__EXERCISE DESCRIPTION__:
The pictures are to be dropped, and the records below are to be restated word for word.

__RECORDS FOR PROCESSING__:
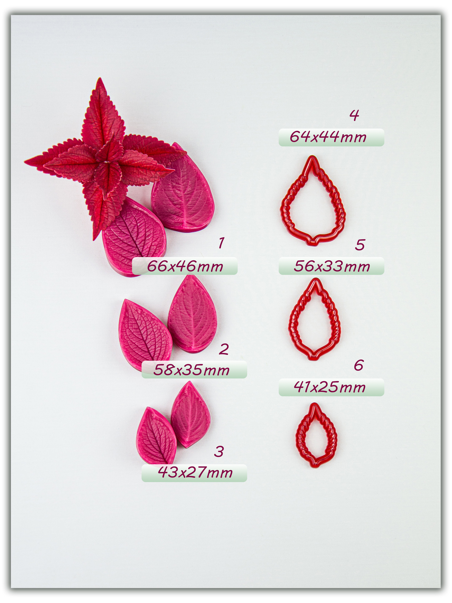 Имеют двухстороннюю фактуру живого растения, повторяя даже самые мельчайшие изгибы и прожилки, что позволит вам создавать ботанические копии цветов и листьев! Предназначены для работы с холодным фарфором,
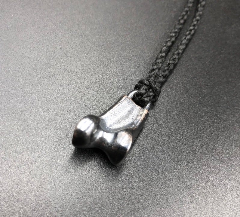 Based on the humerus bones of a seagull skeleton that the artist found on Monhegan Island in Maine, this pendant is made with shibuichi, an alloy of silver and copper. The cord is hand braided in house using a kumihimo loom. The yarn from which the cords are braided is polyester, dyed, spun, and waxed in Maine.
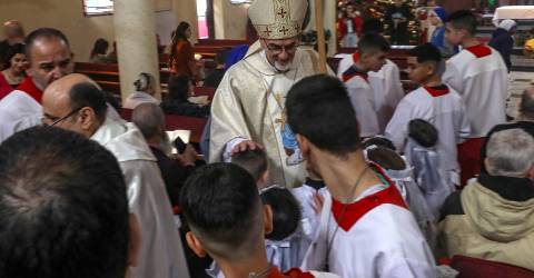 “Para mim é uma grande lição que, mesmo aqui em Gaza, na situação talvez mais deprimente do mundo, seja possível celebrar o Natal”, afirmou Pizzaballa à entrada da igreja da Sagrada Família, sob o zumbido de drones israelitas.
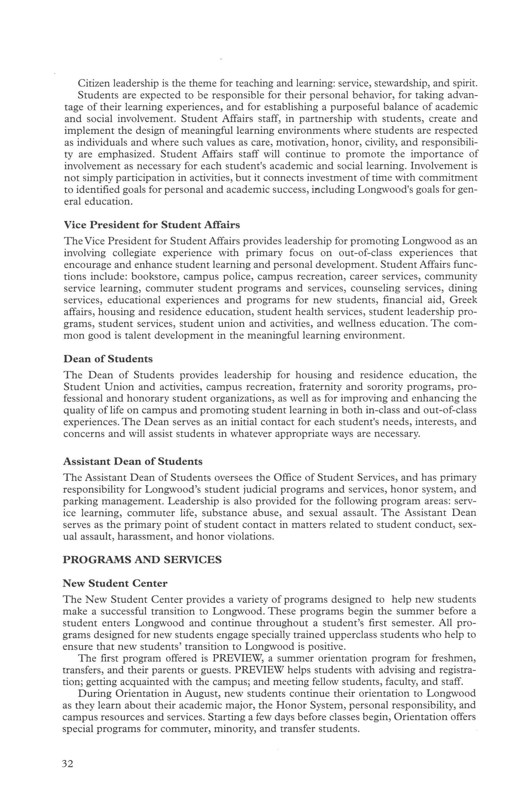 Lying at the heart ofThe New Collegiate Experience is an educational values system that is based on a very traditional belief that a college is first and foremost a community of colleagues, of people united in the pursuit of learning. Longwood College is an affirming place where students, faculty, and staff know and interact with each other on a regular basis in and out of the classroom, and for whom notions of citizenship, responsibility, honesty and civility are just as important as the content knowledge of an academic discipline. At Longwood you will not only learn to communicate effectively, think critically, solve problems, imagine creatively, and use technology adeptly, you also will learn to conduct yourself as a citizen and a leader in the world's greatest democracy.
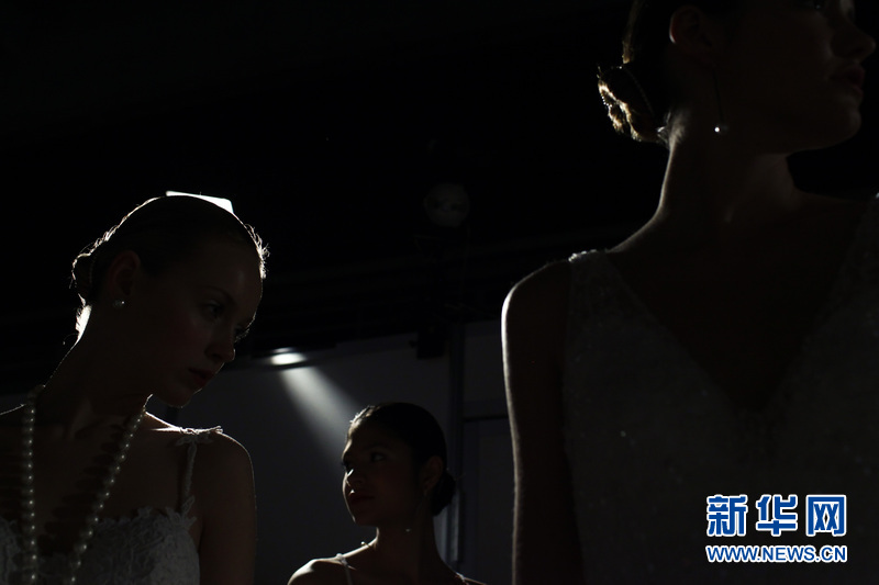 場(chǎng)外正在準(zhǔn)備登臺(tái)展示婚紗的模特。

__THE COMPLETED TASK__:
 Имеют двухстороннюю фактуру живого растения, повторяя даже самые мельчайшие изгибы и прожилки, что позволит вам создавать ботанические копии цветов и листьев! Предназначены для работы с холодным фарфором,
 Based on the humerus bones of a seagull skeleton that the artist found on Monhegan Island in Maine, this pendant is made with shibuichi, an alloy of silver and copper. The cord is hand braided in house using a kumihimo loom. The yarn from which the cords are braided is polyester, dyed, spun, and waxed in Maine.
 “Para mim é uma grande lição que, mesmo aqui em Gaza, na situação talvez mais deprimente do mundo, seja possível celebrar o Natal”, afirmou Pizzaballa à entrada da igreja da Sagrada Família, sob o zumbido de drones israelitas.
 Lying at the heart ofThe New Collegiate Experience is an educational values system that is based on a very traditional belief that a college is first and foremost a community of colleagues, of people united in the pursuit of learning. Longwood College is an affirming place where students, faculty, and staff know and interact with each other on a regular basis in and out of the classroom, and for whom notions of citizenship, responsibility, honesty and civility are just as important as the content knowledge of an academic discipline. At Longwood you will not only learn to communicate effectively, think critically, solve problems, imagine creatively, and use technology adeptly, you also will learn to conduct yourself as a citizen and a leader in the world's greatest democracy.
 場(chǎng)外正在準(zhǔn)備登臺(tái)展示婚紗的模特。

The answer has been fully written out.